Given records
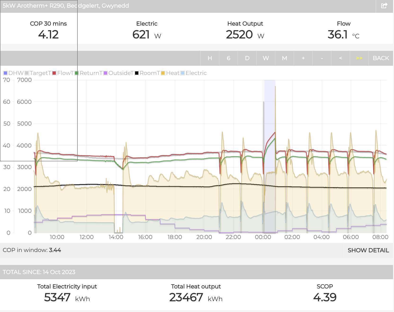 Example of Glyn Hudson’s install in Beddgelert attached. I am presuming the sudden dips in power every 90 mins or so are defrost cycles. Eg before 21:00 on attached image - no defost, but defrosting every 1.5 hours or so after when outside temperature drops to 0C.
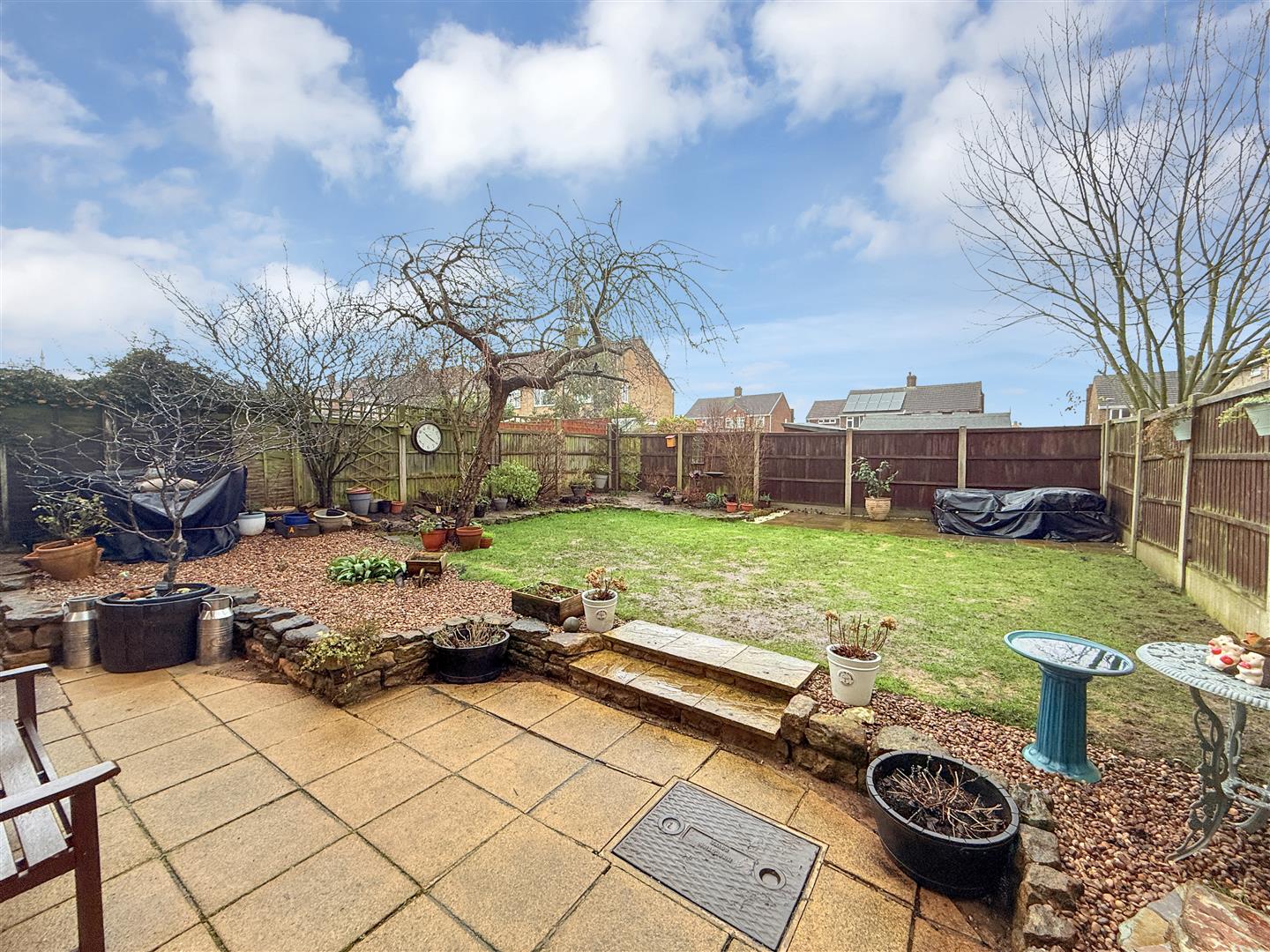 Externally, the property benefits from driveway parking and a useful single garage. The landscaped rear garden is a particular feature, offering a paved patio seating area and a shaped lawn.
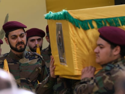 La milicia chií entierra a las afueras de Beirut a Haizam Ali Tabatabai, asesinado el domingo en el mayor ataque en un año de alto el fuego en Líbano
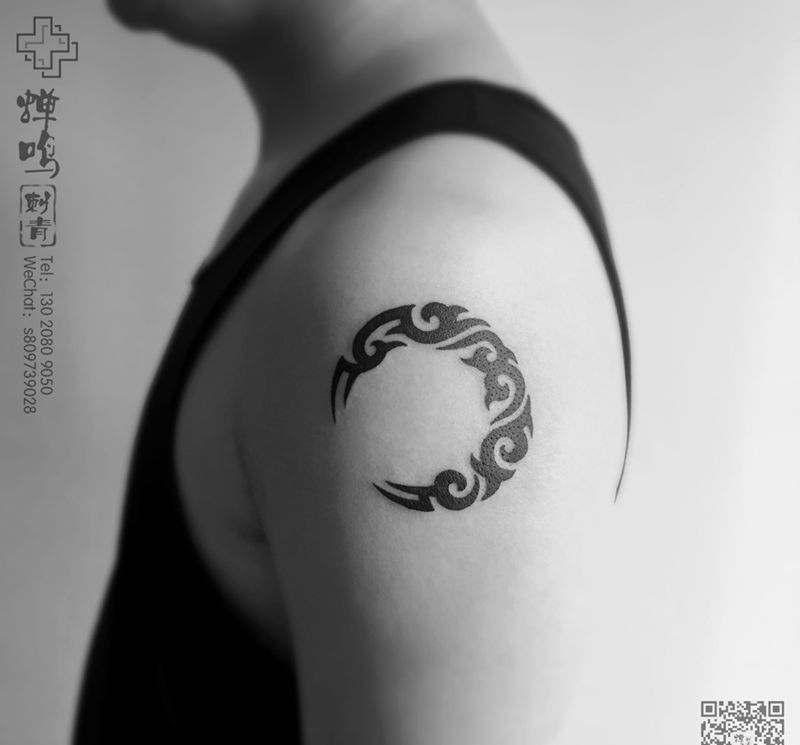 月亮纹身图片_成品肩部清新静物图腾纹身图案
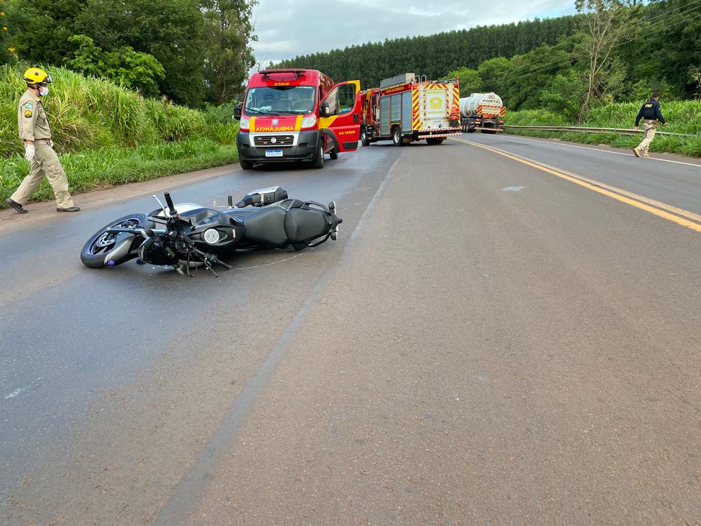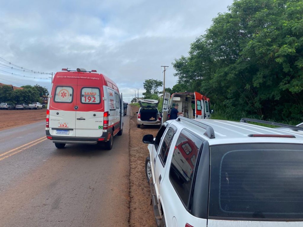 A primeira colisão, registrada por volta das 7 horas, foi no trecho que liga Marechal Rondon a Mercedes, próximo da Mineradora Dalmina, envolvendo uma caminhonete SW4 e uma motocicleta Yamaha Fazer. A moto era ocupada por um casal de Marechal Rondon, que sofreu queda e resultou com escoriações generalizadas.

Activity
The lines from the start of the records above through the line that holds "月亮纹身图片_成品肩部清新静物图腾纹身图案" are to be copied exactly, both ends included, and no pictures are to be copied.

Answer space
 Example of Glyn Hudson’s install in Beddgelert attached. I am presuming the sudden dips in power every 90 mins or so are defrost cycles. Eg before 21:00 on attached image - no defost, but defrosting every 1.5 hours or so after when outside temperature drops to 0C.
 Externally, the property benefits from driveway parking and a useful single garage. The landscaped rear garden is a particular feature, offering a paved patio seating area and a shaped lawn.
 La milicia chií entierra a las afueras de Beirut a Haizam Ali Tabatabai, asesinado el domingo en el mayor ataque en un año de alto el fuego en Líbano
 月亮纹身图片_成品肩部清新静物图腾纹身图案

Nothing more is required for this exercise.